I could certainly be missing an even better fifth way of allowing users to access binary file contents, so here or #933 is fine for discussing that (or #67 if arrays are the preferred solution).

aaaaaa123456789 commented 3 years ago

I'd say #3 is the best option by far.

Rangi42 commented 3 years ago

Hm, I would somewhat prefer 4 since I expect (a) non-UTF-8-specific would be the more common use case, and (b) hopefully few/no users are depending on UTF-8 STRLEN and STRSUB so far; but either would be fine with me.

aaaaaa123456789 commented 3 years ago

STRLEN and STRSUB have to expect some encoding; there's no meaningful concept of "string length" without one. The encoding where every byte encodes itself is an encoding (ISO-8859-1).

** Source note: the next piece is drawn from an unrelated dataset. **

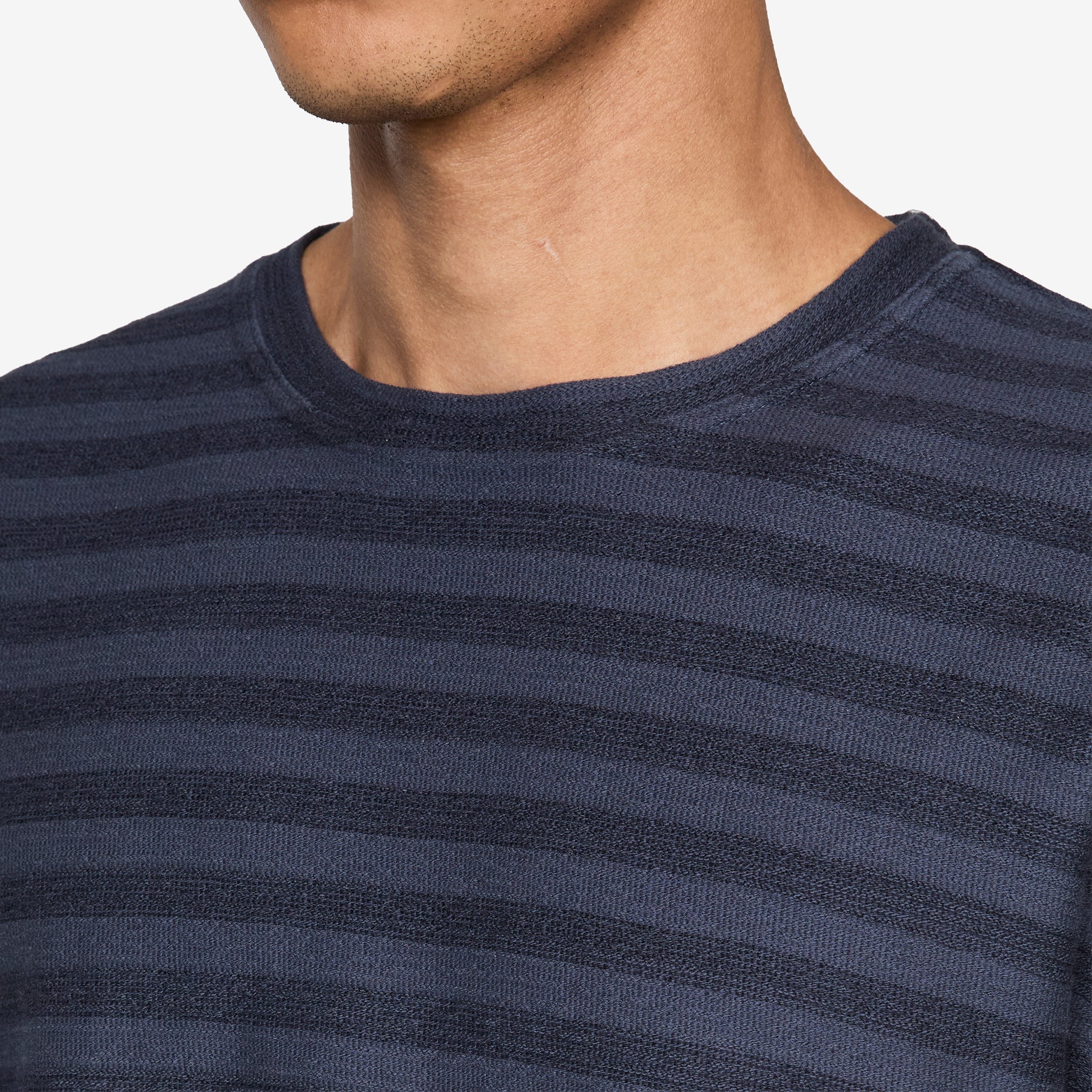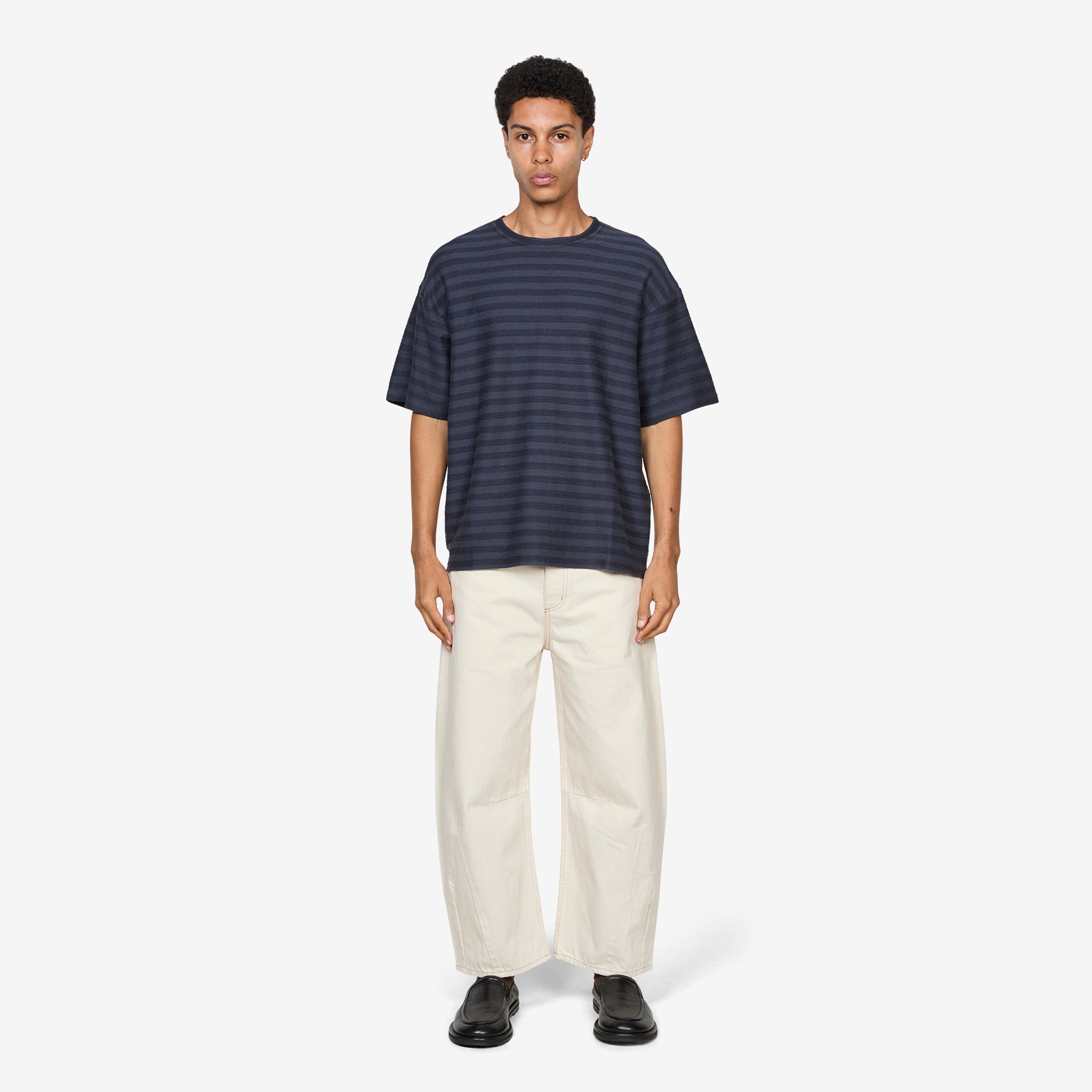 Thuy T-Shirt Structured Midnight Sky from A Kind of Guise. Boxy short-sleeve crew neck t-shirt with dropped shoulders and wide sleeves. Cut from a cotton–lyocell jersey featuring structured horizontal stripes created through varied knitting techniques. Soft, breathable, and subtly textured.
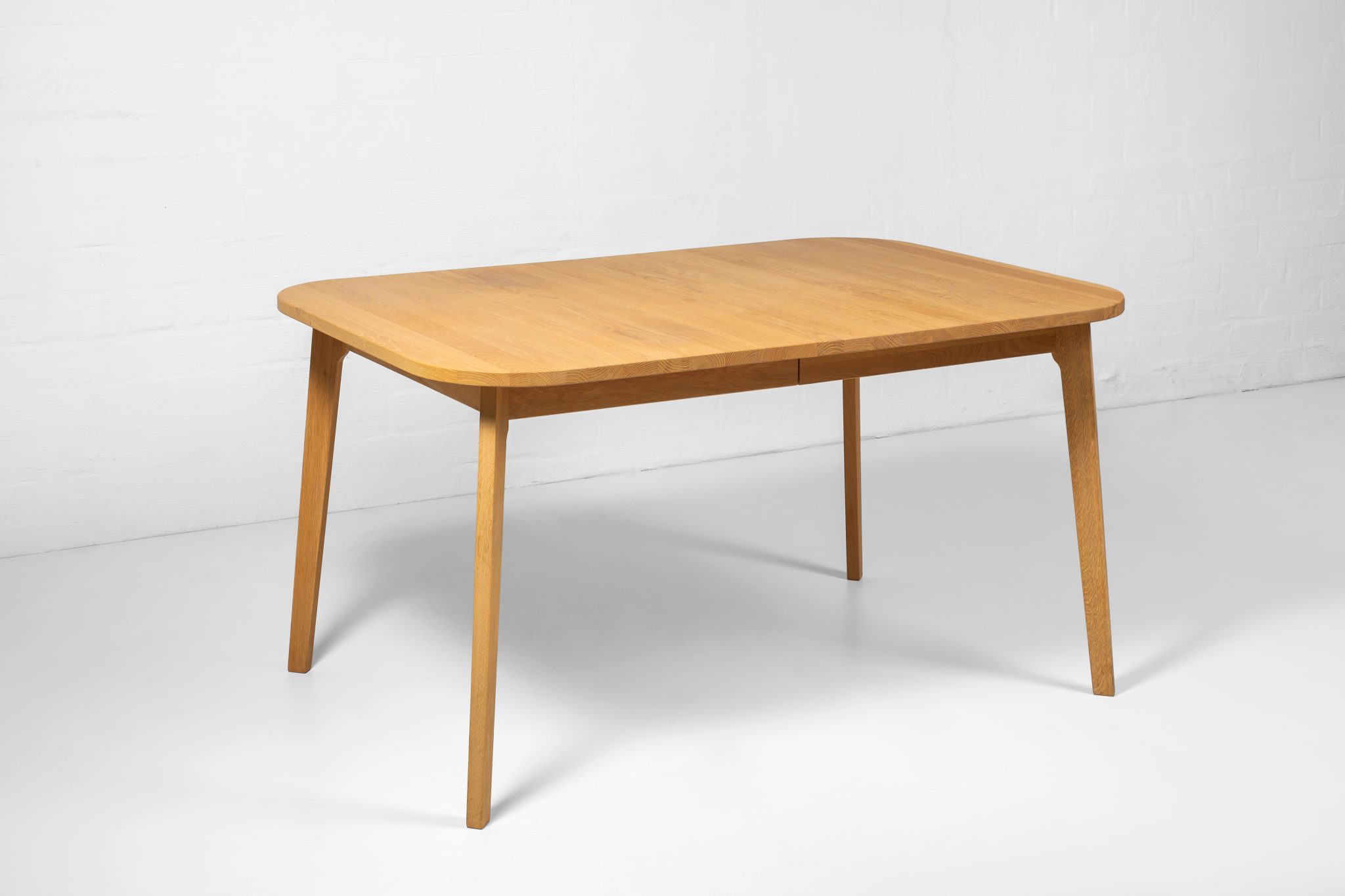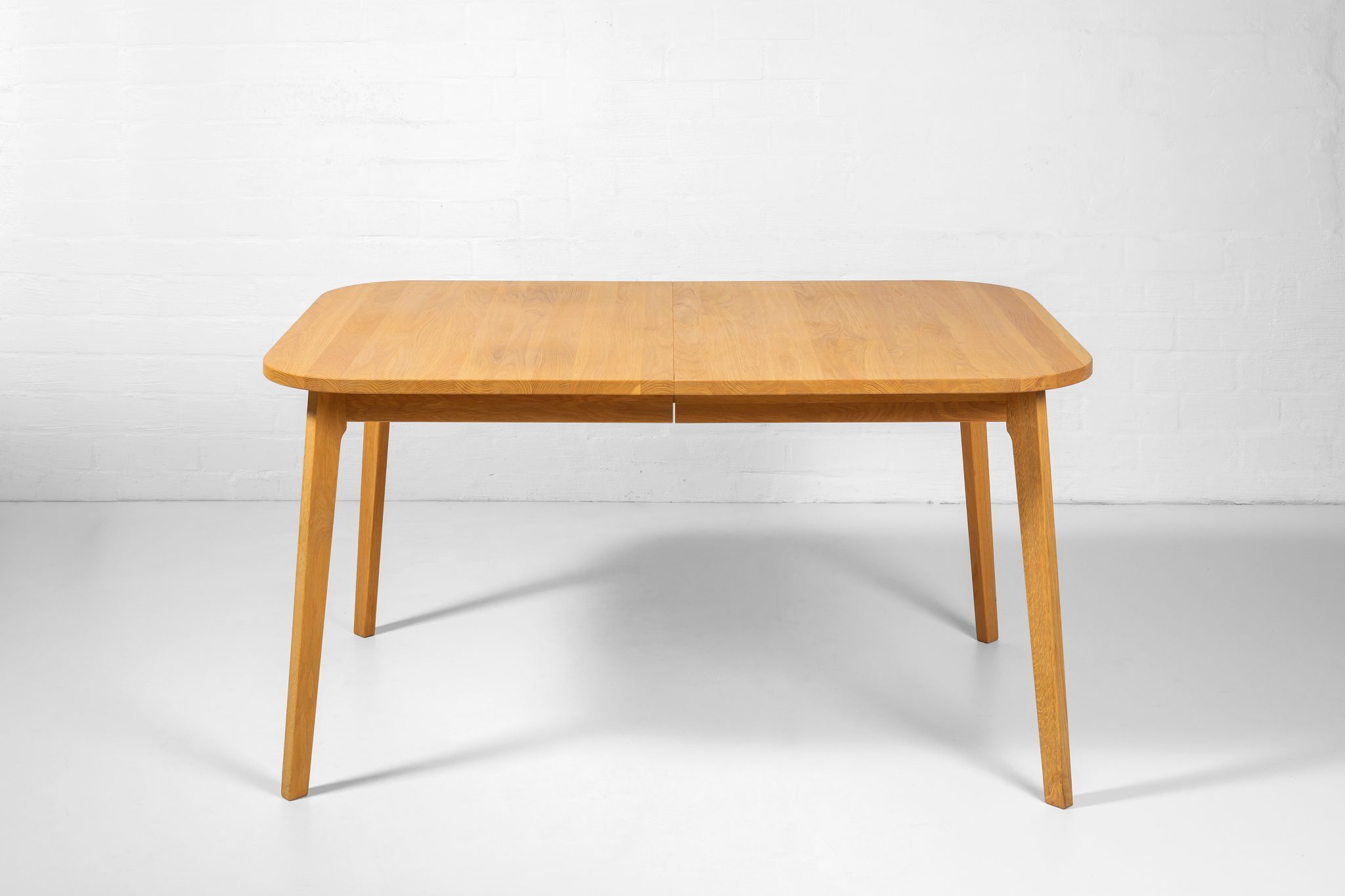 Der Tisch wird aus massiver europäischer Eiche gefertigt und mit einem natürlichen schwedischen Holzöl behandelt. Die Ölveredelung betont die natürliche Maserung des Holzes, schützt die Oberfläche und sorgt für eine langlebige, widerstandsfähige Nutzung im Alltag.

Rangi42 commented 3 years ago

Option 3 would make STRLEN behave like C's strlen (except without needing the $00 terminator after we finish PR #885, i.e. STRLEN would return the struct String's size value). STRSUB would likewise act like taking a segment of a char[] array. Neither of those cares about the encoding; the string is just an array of bytes.

True, ISO-8859-1 is an encoding that has single-byte characters, but it's not the only one. And the rgbasm language would not be taking a position on which Unicode code points go with which byte values in strings. So I don't think of option 3 as "switch from UTF-8 to ISO-8859-1", but "switch from UTF-8 to arbitrary unsigned byte values". Even charmaps don't really care about Unicode; the character set only becomes relevant when you print things, and that's up to your console. (Also ISO-8859-1 does not define characters for 00-1F or 7F-9F.)

ISSOtm commented 2 years ago

Given https://hsivonen.fi/string-length, I'm for option 4 as well.